Lettre d’une blessure infectée, exposée le 15-22 Mai au Maroc

 AFP/Abdelhak Senna, Un policier donne un coup de pied à un manifestant lors d’une manifestation à Rabat.

Chers Marocains,

Je m’adresse à vous tous, à ces pauvres qui ont horreur de moi, qui me vivent tous les jours dans le déni, et à ceux qui m’ont éxposée, ainsi qu’aux riches que je dégoute, et aux autres qui se battent pour me soigner….

… Et à ces autres…qu’on paie (trop peu) pour enfoncer le couteau dans la plaie.

Je suis la plaie, je suis la blessure, et depuis le 15 Mai, je suis une Hémorragie.

Je suis ces pauvres qui dérangent les riches quand ils les regardent alors qu’ils conduisent leurs voitures luxueuses. Je porte alors un bébé qui a le visage plein de morve, je pue, je suis une femme au visage endurci, en général analphabète, en général issue d’un village lointain, ou le rejeton de quelque orphelinat… je ne suis ni gentille ni angélique, mon enfant est le plus probablement un bâtard, peut être comme moi, et comme moi, son futur est plutôt tracé, il ne sera certainement pas sauvé par « les projets de société » proposès par les partis politiques ni par le gouffre qui continue de se creuser entre les classes sociales.

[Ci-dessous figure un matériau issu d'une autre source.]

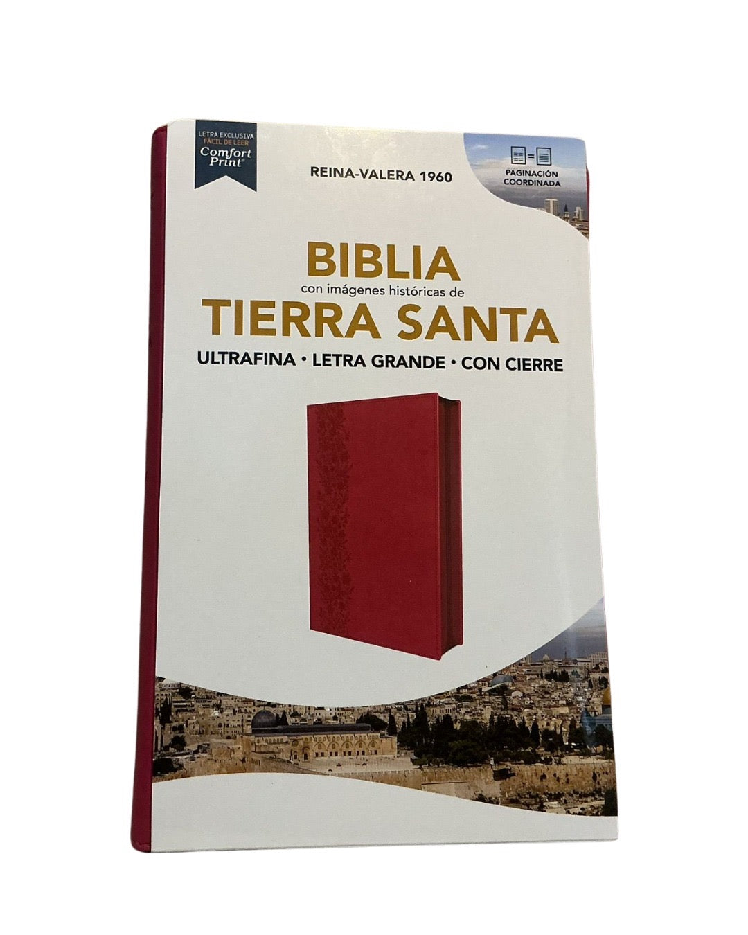 Una Reina-Valera 1960 de hermoso diseño con cierre, una magnífica colección de imágenes de Tierra Santa y en el formato ultrafino fácil de llevar que ya amas.La traducción RVR60 es la más popular en español. La Santa Biblia Reina-Valera 1960 Ultrafina es ideal para llevar a la iglesia, el estudio de la Palabra, para el uso devocional o para regalar.Visita el Huerto de Getsemaní, maravíllate con el Monte Tabor y descubre el rio Jordán con la Biblia Reina - Valera con Imágenes históricas de Tierra Santa.Editorial Vida presenta la Biblia con imágenes históricas de Tierra Santa, una edición en formato ultrafino con el texto íntegro de la RVR60; acompañado de un resumen gráfico de la Biblia que ofrece un panorama completo de las escrituras, además de un plan de lectura, amplia concordancia, palabras de Cristo en rojo y la exclusiva tipografía fácil de leer Comfort Print(R). Qué ofrece esta Biblia? El texto íntegro de la traducción Reina - Valera 1960 Exclusivo tipo de Letra Comfort Print de Editorial Vida Texto bíblico versificadoInserto de 8 páginas con una selección de imágenes de Tierra SantaFormato de texto a dos columnas Encuadernación en Leathersoft con cierre2 cintas marcadoras de satín Palabras de Jesús en color rojo Resumen gráfico de la BibliaPlan de LecturaConcordanciaReina-Valera

Parfois je suis un homme, handicapé, ou bien mal élévé, je n’ai pas pu aller a l’école, pour une raison ou une autre, pauvreté, infirmité d’un ou deux des parents, ignorance, issu de quelque bidonville… résultat d’une politique qui laisse traîner des gens comme moi, qui les produit. Mon enfance c’est loin d’être le bonheur, violé, ma soeur vendue a une femme en ville comme petite bonne, on a abusé d’elle aussi sans conséquences vous savez… nous n’avons pas de droits. Je suis allé travailler en tant que maçon… je suis tombé malade, et je suis tombé encore plus malade quand je suis allé a l’hopital… nos hopitaux vous savez… allez y faire un tour. Een tant que maçon je n’ai aucun droit, je travaillais à la journée… depuis que je suis tombé malade j’ai acheté un grand couteau et j’aggresse des gens. j’ai des amis qui aggressent sans raisons de santé, ils sont mal élevés et se rebellent contre les alternatives du genre 50 DH la journée à transporter des sacs de ciment. Ils en veulent au monde, et surtout à ces grands riches…

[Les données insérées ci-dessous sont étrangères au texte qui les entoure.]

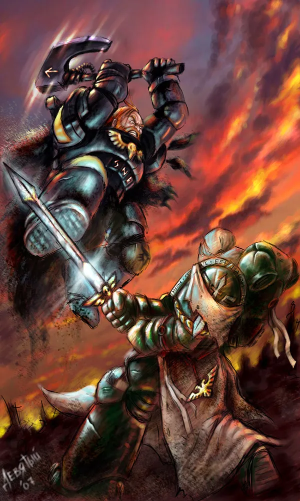 Зная, что один точный удар положит войне конец, Лев Эль’Джонсон возглавил штурм Башни Ангелов — могучей крепости, в которой укрылся Лютер. И так двое бывших друзей, ставших смертельными врагами, встретились лицом к лицу. Даже несмотря на сверхчеловеческую силу примарха, оба противника стоили друг друга, ибо и без того значительные способности Лютера были усилены дарами Тёмных Богов Хаоса.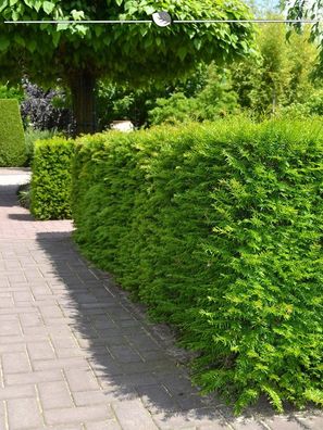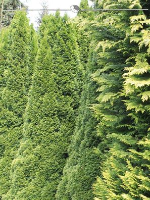 Verkauf von Heckenpflanzen wie Lebensbaum Thuja Brabant & Smaragd, Gemeine Eibe Taxus baccata und Kirschlorbeere.

Ces riches que je dérange…car je pue leur culpabilité, leur participation passive…

Ils essaient tout pour me couvrir sans me soigner… ils essaient de mettre du maquillage, du fond de teint pour que je ressemble à de la peau normale… ils dépensent de l’argent pour que je puisse me divertir… alors j’aggresse pendant toute une journée, j’achète de la drogue ou de l’alcool, et je vais au festival écouter cette musique, ce festival qu’on organise au nom de la culture… je me cultive… et je retourne aggresser le jour suivant… avec quelques « beats » et rythmes dans ma tête… toutefois, je ne sais ni lire ni écrire, et on m’a invité à me divertir au nom de la culture…

Je suis une plaie infectée… je ne vais pas mieux quand bien même on me maquille…

On m’a ignoré tellement longtemps vous savez… on a prétendu que je n’existe pas… que j’étais quelque « rumeur »…

Je suis la blessure nauséabonde dans les derrières des torturés qu’on a assi sur les bouteilles du centre de détention de Témara, je suis l’inculpation des innocents d’entre eux, et je me suis infectée encore plus par le mensonge du porte parole de ce gouvernement qui a tout nié, et j’ai saigné le 15 Mai, j’ai saigné … malgré moi… ce n’était pas un choix vous savez…. j’ai saigné par la force des choses, j’ai saigné et c’était inévitable… pourquoi donc m’enfonce-t-on le couteau en réprimant et en tabassant ceux qui sont sorti pacifiquement demander à ce qu’on me soigne…alors que je saigne déja???

Le 22 Mai…je suis devenue encore plus béate, encore plus dégoutante… je suis la blessure du Maroc. Je suis ces agents enragés, mal nourris, mal payés, aussi réprimés que ceux qu’ils tabassent. Je suis leur rage envers ce même système qu’ils défendent par la force des choses, par obligation, certains par pauvreté et manque d’alternative, beaucoup par ignorance.

Je suis leur seule échappatoire, je suis cette violence qu’ils utilisent contre leurs frères et soeurs qu’ils battent avec leurs matraques, je suis leurs coups de pieds… Je fais mal. Je suis mal.

Je suis ce sentiment honteux que certains d’entre eux éprouvent en regardant dans les yeux des manifestants… je suis cet embarras, je suis le non-dit, je suis leur incapacité à faire autrement, je suis le sens interdit, je suis l’impasse mentale.

Je suis le concept de l’horreur dans les esprits de la moyenne classe, le monstre de l’instabilité, qui menace leurs petites vies rongées par la routine sécurisante, sans conséquences, consommateurs de tout ce qui leur est jeté, je suis leur silence pendant des décennies, je suis leur parole enfin qui maintenant s’exprime contre le changement.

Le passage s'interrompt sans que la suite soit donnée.